Background technology
Along with the fast development of laser technology and being continuously increased of laser application, laser is except in civilian science skill
Outside the application of art, in military field, (laser weapon) also has a lot of application.In order to prevent the high intensity energy due to laser
The harm that amount and laser weapon are brought, in recent years for the research also continuous weight by national governments of laser protective material
Depending on.In terms of lasing safety, preferable optical Limiting (non-linear) material has the unrivaled advantage of traditional defense material, because
Optical limiting materials can present linear transmittance when light intensity is the highest, and transmitance diminishes when light intensity height such that it is able to
Reach preferable lasing safety effect.
After Geim first passage micromechanics stripping method in 2004 obtains single-layer graphene from graphite, people are just caused
Explosion type interest to Graphene.Graphene is because of the two-dimensional structure of its uniqueness and excellent electricity, optics, calorifics and mechanicalness
Paying close attention to of energy, extremely scientific research personnel, rapidly becomes the study hotspot of material, chemistry, physics and engineering field, but due to it
Dissolubility is poor, and its actual application is somewhat limited.Therefore, design, prepare solubility based on Graphene and have
Machine/macromolecular material becomes the graphene-based photoelectric functional material of development and the key of optics.Polypyrrole is a kind of point
The internal conducting high polymers thing with conjugated pi electron system of son, has broad application prospects in field of photoelectric material,
Can be used for energy storage material, electrochemical sensor, biomedicine, electronics and optical material etc..The linear conjugate structure of polypyrrole makes
Intramolecular has bigger conjugated pi electron system, the pi-electron in molecule can move freely, therefore in conjugated system
Polypyrrole has preferable electric conductivity and optical nonlinearity.Graphene can be grafted to by suitably design synthetic method
Surface, thus reach improve Graphene solubility property and strengthen the purpose of its nonlinear optical absorptive property.To this end, association area
Research worker carried out substantial amounts of research and probe, with attempt design, preparation there is preferable solubility property and excellent non-thread simultaneously
The graphene nano heterocomplex nonlinear optics functional material of the Polypyrrole derivatives covalent functionalization of property optical absorptive character.
Summary of the invention
It is an object of the invention to for obtain a class novel, there is preferable nonlinear optical absorption and solubility property simultaneously
The graphene nano heterocomplex nonlinear optics functional material of Polypyrrole derivatives covalent functionalization.

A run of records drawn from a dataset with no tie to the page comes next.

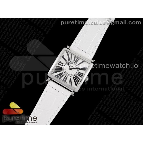 ZF공장 프랭크뮬러 마스터스퀘어 화이트다이얼 가죽스트랩 Master Square SS Ladies ZF 1:1 Best Edition White Black Roman Dial on White Leather Strap Ronda Quartz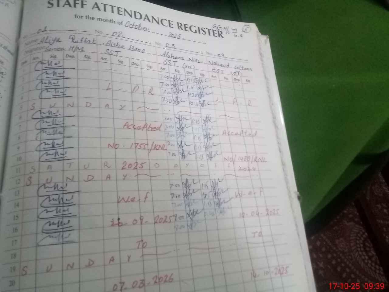 | Monitoring Date: 17-10-2025 | Start Time: 17-10-2025 09:27 AM | End Time: 17-10-2025 09:41 AM | Name of MEA: MU**** SH**** | |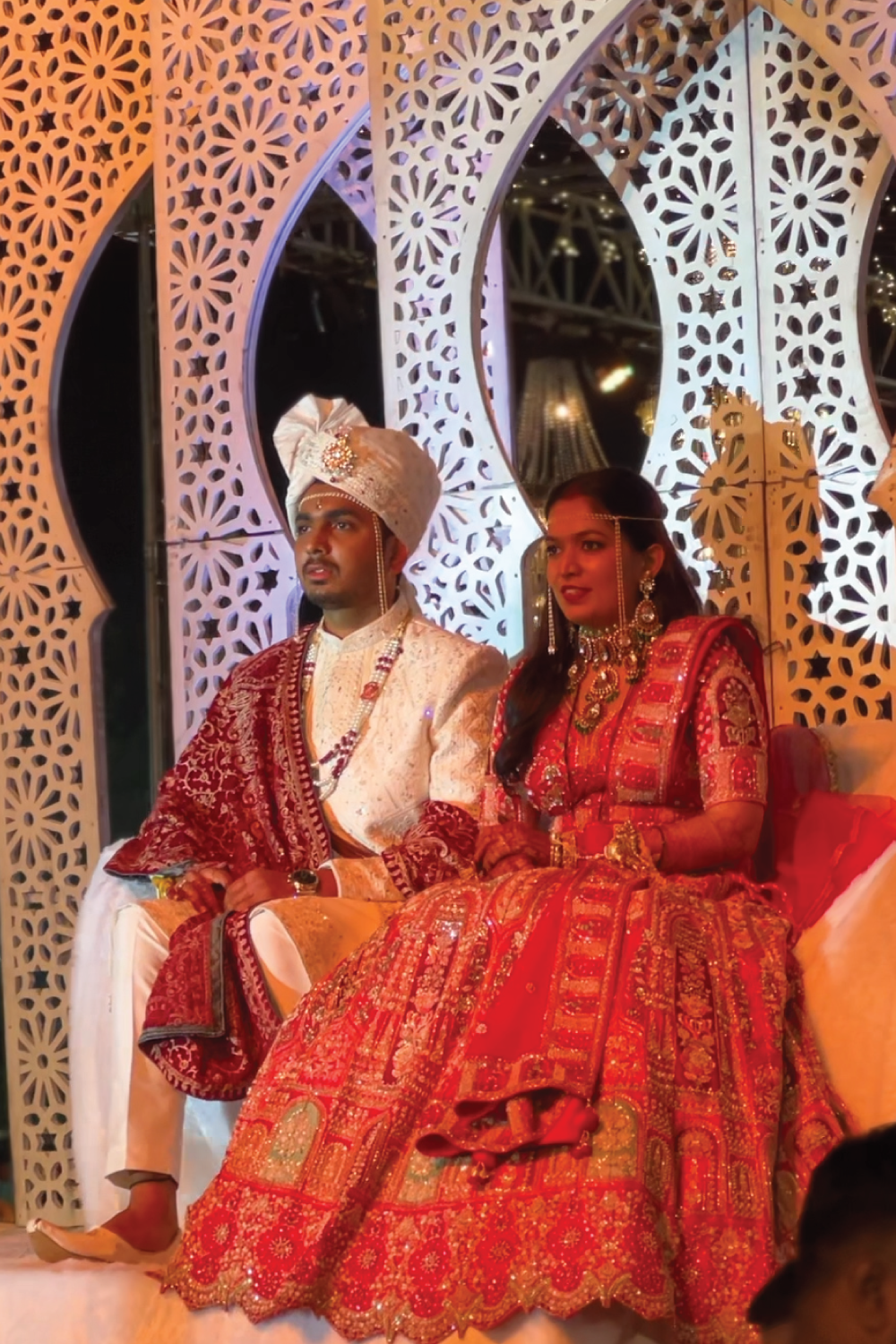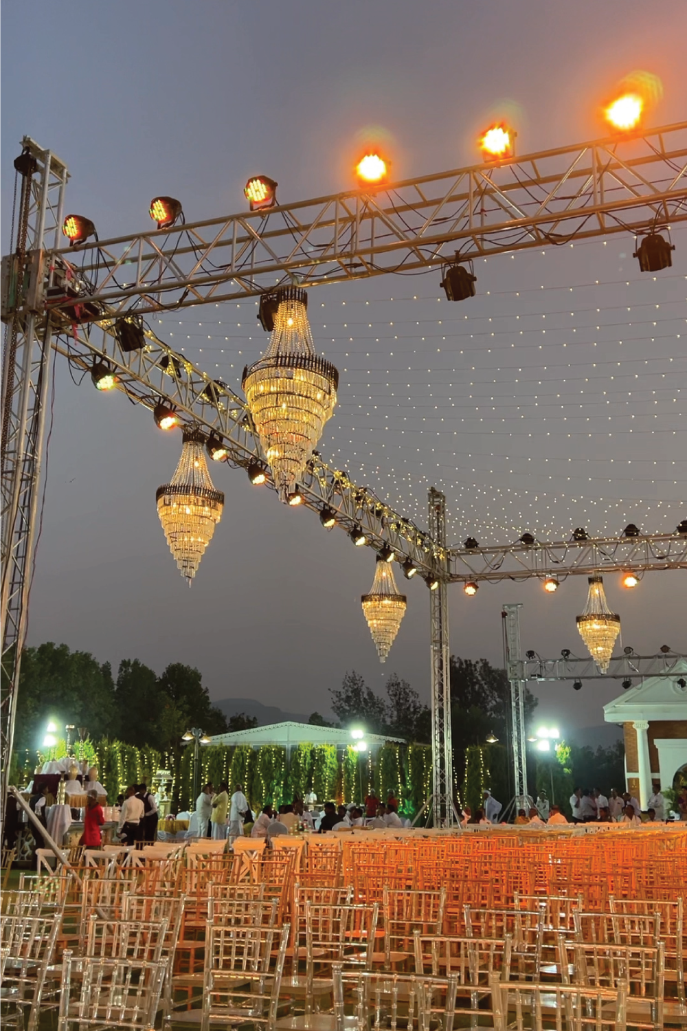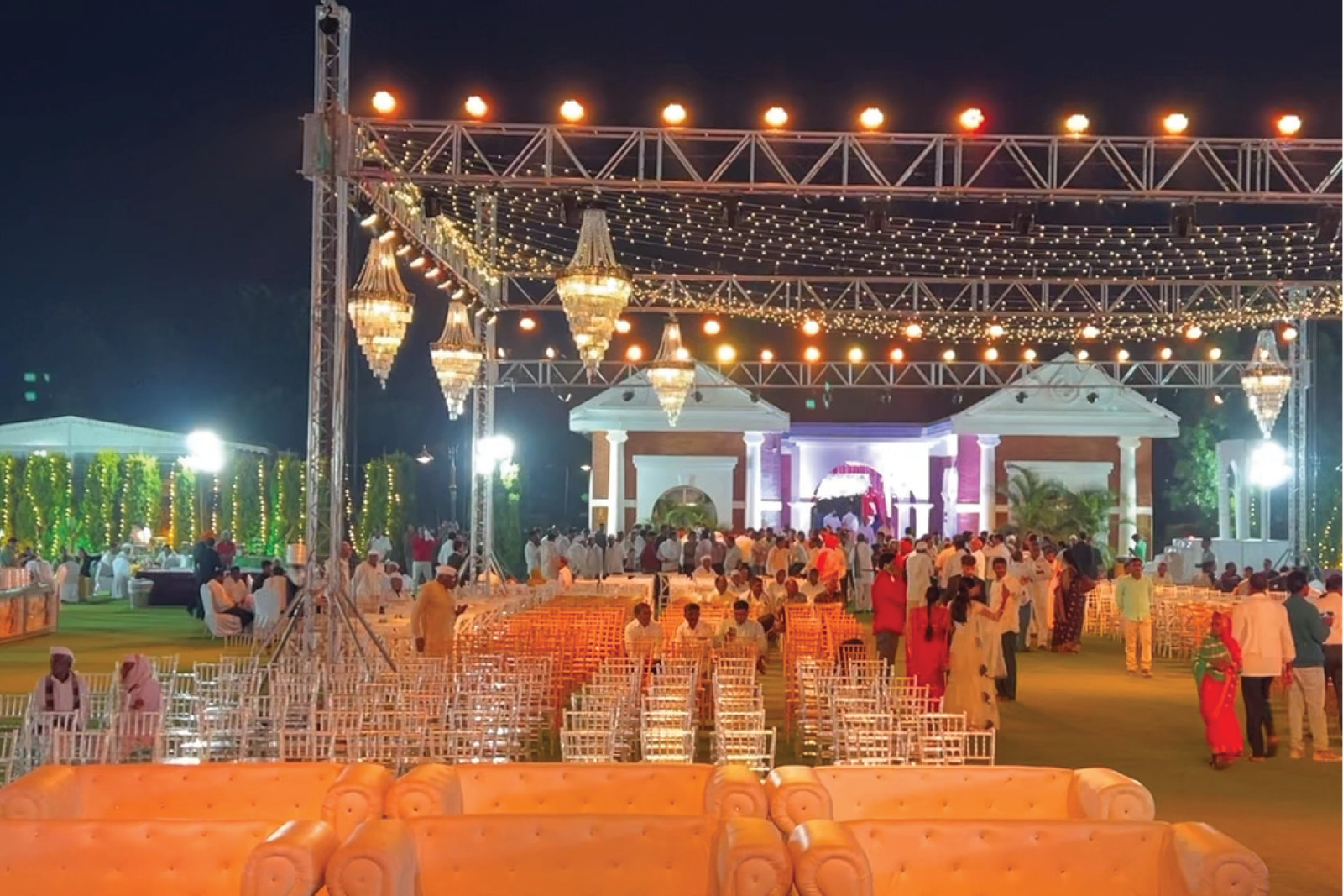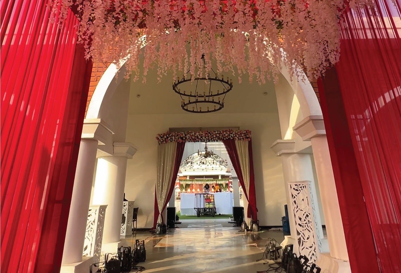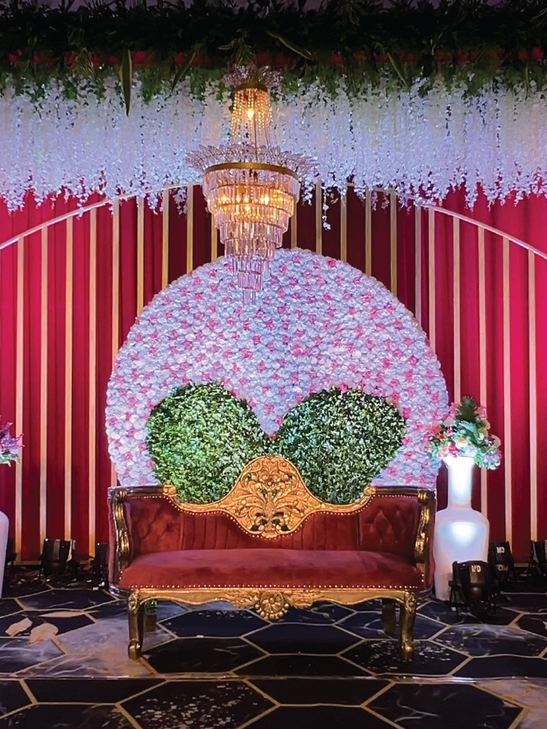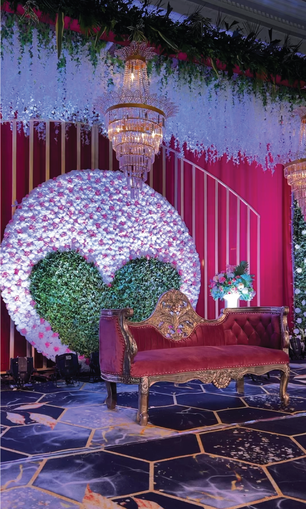 Guests walked into a world where every corner glowed — from cascading string lights that painted the sky, to statement backdrops that turned photographs into timeless portraits. The mandap, a masterpiece in florals and symmetry, stood as both a sacred space and a visual showstopper, blending tradition with dramatic scale.

The graphene nano heterocomplex nonlinear optics functional material of Polypyrrole derivatives covalent functionalization, described nanometer is miscellaneous
Compound functional material is made up of redox graphene and hydroxylating Polypyrrole derivatives, described hydroxylating Polypyrrole derivatives with
Covalent bond is modified on redox graphene surface;The structure of described nanometer heterocomplex functional material is RGO-PPy:
The preparation method of described Polypyrrole derivatives covalent functionalization graphene nanometer heterocomplex nonlinear optical material, bag
Include following steps:
(1) chloride graphene oxide GOC (O) Cl is prepared:
Under nitrogen protection, thionyl chloride and N, the mixed solvent of N '-dimethyl Methanamide DMF add graphite oxide
Alkene, carries out reaction kinetic, and after reaction terminates, product is cooled, filter, wash, and obtains black powder product, is
Chloride graphene oxide GOC (O) Cl;
(2) preparation Polypyrrole derivatives PPy-OH containing hydroxyl:
Add pyrroles and hydroxy benzaldehyde, rear ultrasonic addition oxidant Ammonium persulfate. in deionized water, carry out
Polyreaction, product, through filtering, washing, obtains black powder product, is hydroxylating Polypyrrole derivatives PPy-OH;
(3) the stannic oxide/graphene nano hybrid material GO-PPy of Polypyrrole derivatives functionalization is prepared:
Under ultrasonic, in proportion by step (1) products therefrom GOC (O) Cl and step (2) product PPy-OH be suspended in
In machine polar solvent and acid binding agent, under nitrogen protection, carrying out esterification, product is cooled, filter, wash, and is gathered
The stannic oxide/graphene nano heterocomplex nonlinear optics functional material GO-PPy of azole derivatives covalent functionalization;
(4) the graphene nano hybrid material RGO-PPy of Polypyrrole derivatives functionalization is prepared
Under ultrasonic, step (3) products therefrom GO-PPy is suspended in organic polar solvent, under nitrogen protection, carries out heat
Reduction reaction, product is cooled, filter, wash, be dried, and obtains the graphene nano of Polypyrrole derivatives covalent functionalization
Heterocomplex nonlinear optics functional material RGO-PPy.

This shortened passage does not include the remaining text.